99.1 External Computational Materials prepared by First Union
Securities, Inc.
<PAGE>
EXHIBIT 8.1
March 13, 2000
GreenPoint Credit, LLC
10089 Willow Creek Road
San Diego, California 92131
Re: GreenPoint Manufactured Housing Contract Trust
Pass-Through Certificates, Series 2000-1
Ladies and Gentlemen:
We are serving as special tax counsel to GreenPoint Credit, LLC (the
"Registrant") in connection with the sale by the Registrant of the GreenPoint
Credit Manufactured Housing Contract Trust Pass-Through Certificates, Series
2000-1 Class A-1 Certificates, Class A-2 Certificates, Class A-3 Certificates,
Class A-4 Certificates, Class A-5 Certificates, Class M-1 Certificates, Class M-
2 Certificates, Class B-1 Certificates, Class B-2 Certificates and Class R
Certificates (collectively, the "Certificates").
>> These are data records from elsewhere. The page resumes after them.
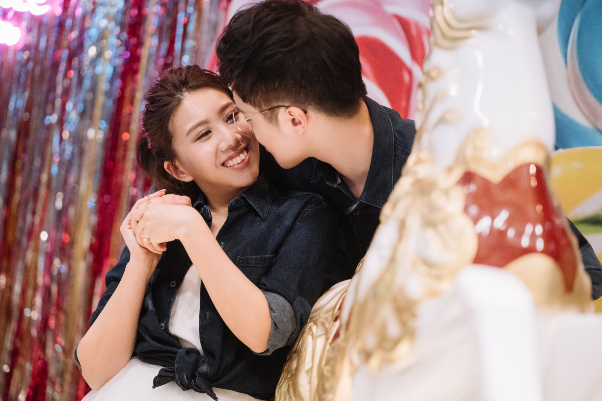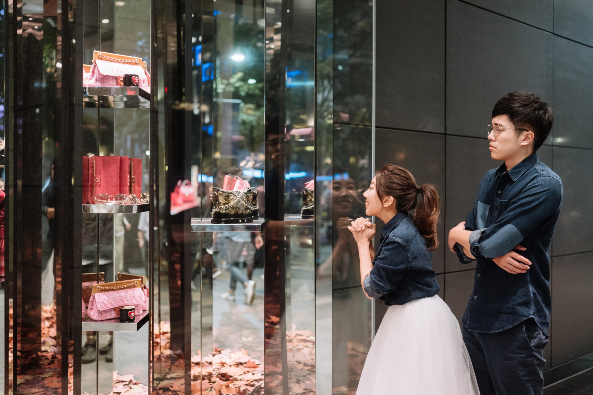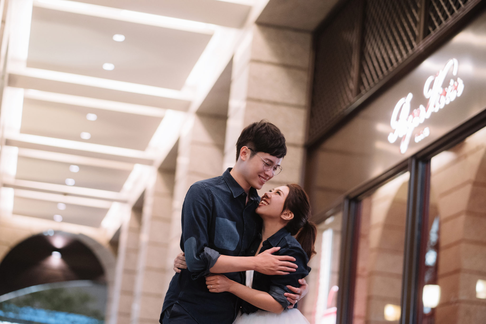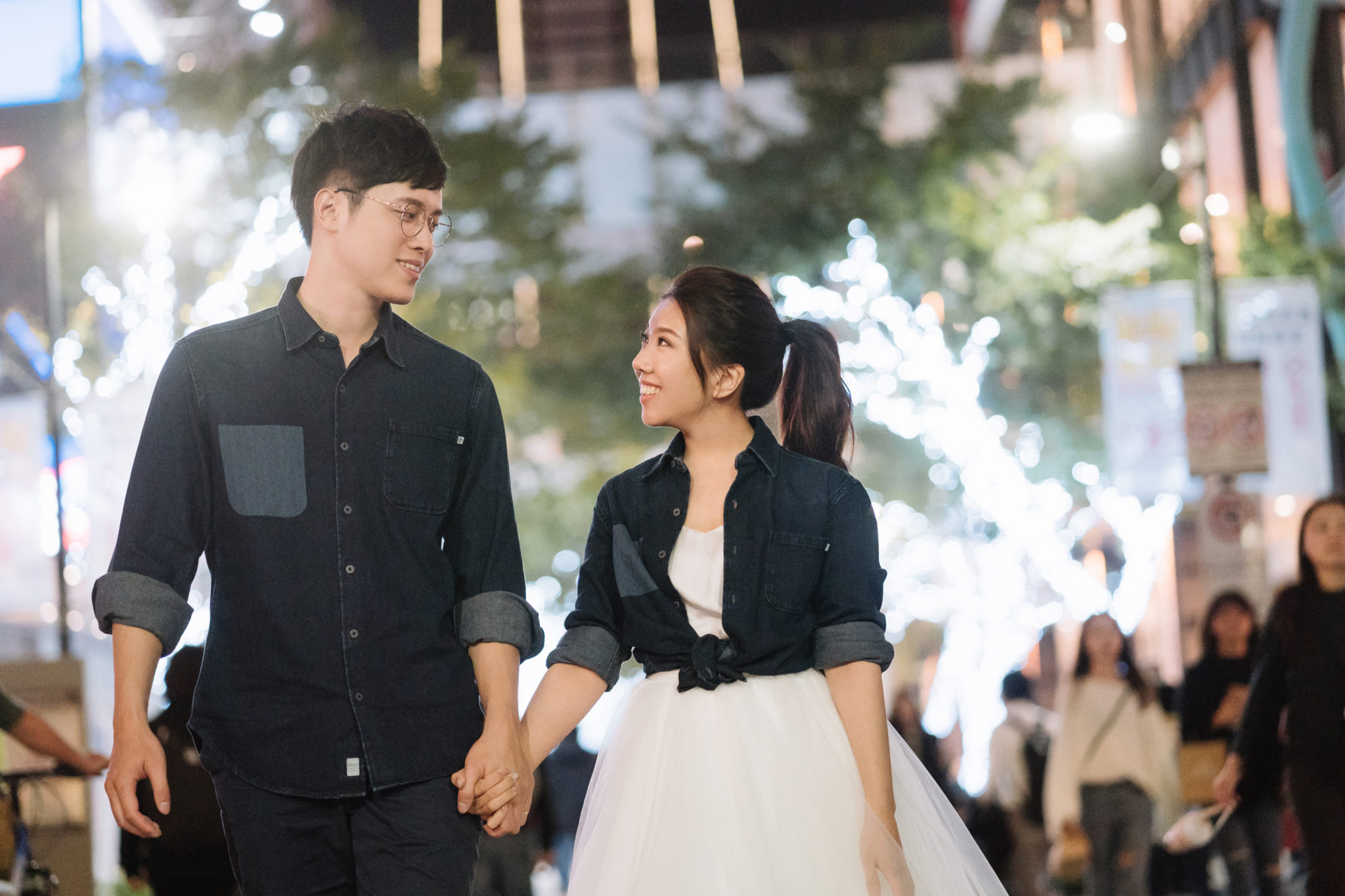 如果說我心目中的新娘,是純淨的白,那我心目中的愛情呢?當然就是許先生了!因此我們決定回到第一次約會的威秀影城,還原當時的場景,穿著便服拍出最自然最戀愛中的我們!
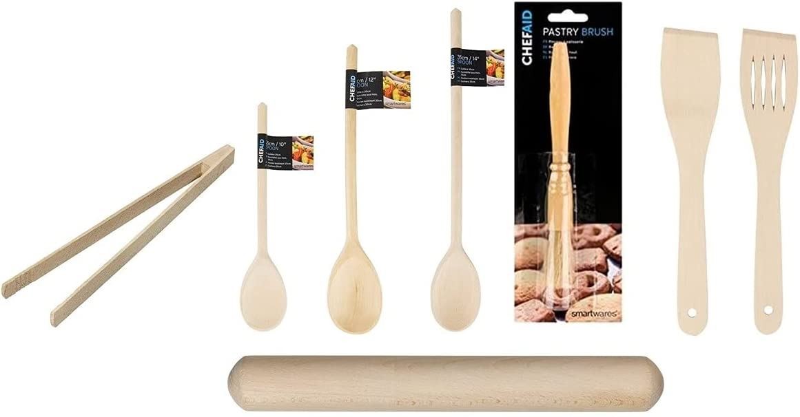 Chef Aid 8Pcs Wooden Utensil Set for Cooking & Baking Eco-Friendly Kitchen Tool
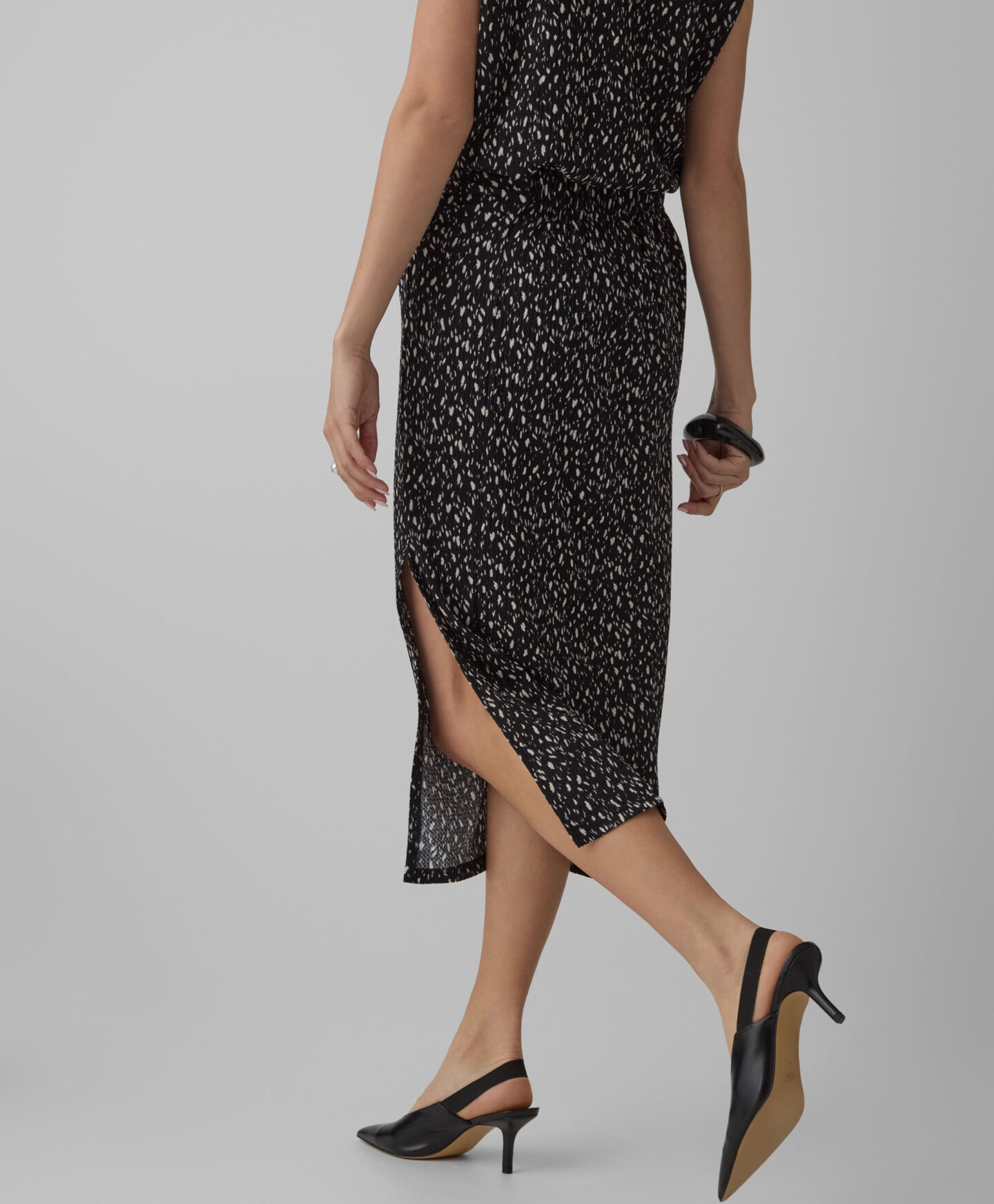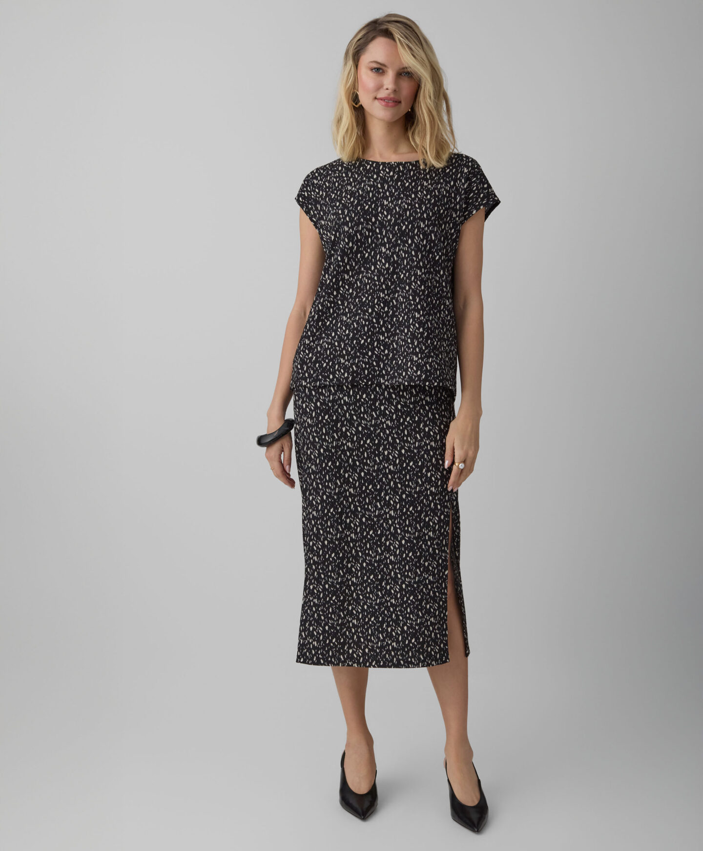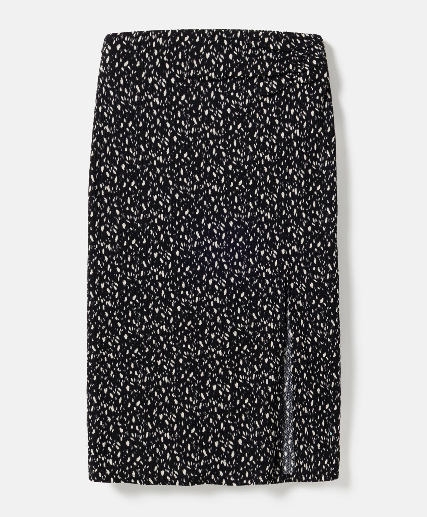 Dámska sukňa s pokrčeným vzhľadom vytvára súpravu s košeľou s krátkym rukávom z kolekcie. Nepravidelný vzor upúta pozornosť a vďaka nemu bude sukňa vo vašom šatníku vynikať. Rázporok zvýrazní vaše najlepšie črty a opticky predĺži nohy. Sukňa je ľahká, príjemná na dotyk a odolná voči praniu.

For purposes of this opinion,
capitalized terms used but not defined herein have the meanings ascribed to them
in the Agreement (as defined below).
The Certificates will be issued on the Closing Date pursuant to a Pooling
and Servicing Agreement dated as of March 1, 2000 (the "Agreement") between
GreenPoint Credit, LLC, as Contract Seller and Servicer and Bank One, National
Association, as Trustee. The Certificates will represent undivided interests in
a trust fund (the "Trust Fund") consisting primarily of a pool of manufactured
housing installment sale contracts and installment loan agreements
(collectively, the "Contracts") which the Registrant will convey to the Trustee,
as trustee for the Trust Fund, on the Closing Date pursuant to the Agreement.
In connection with this opinion, we have examined and relied upon the
following documents:
1. the Agreement;
2. the registration statement on Form S-3 (No. 333-80437) filed by the
Registrant, relating to the Class A-1 Certificates, Class A-2 Certificates,
Class A-3 Certificates, Class A-4 Certificates, Class A-5 Certificates, Class M-
1 Certificates, Class M-2 Certificates, Class B-1 Certificates and Class B-2
Certificates (the "Registration Statement") as filed with the Securities and
Exchange Commission (the "Commission") in accordance with the provisions of the
Securities Act of 1933, as amended, and the rules and regulations of the
Commission thereunder (collectively, the "Act"); and
<PAGE>
GreenPoint Credit, LLC
March 13, 2000
Page 2
3. the base prospectus and the prospectus supplement, in each case
relating to the Class A-1 Certificates, Class A-2 Certificates, Class A-3
Certificates, Class A-4 Certificates, Class A-5 Certificates, Class M-1
Certificates, Class M-2 Certificates, Class B-1 Certificates and Class B-2
Certificates (such base prospectus and prospectus supplement being hereinafter
collectively referred to as the "Prospectus").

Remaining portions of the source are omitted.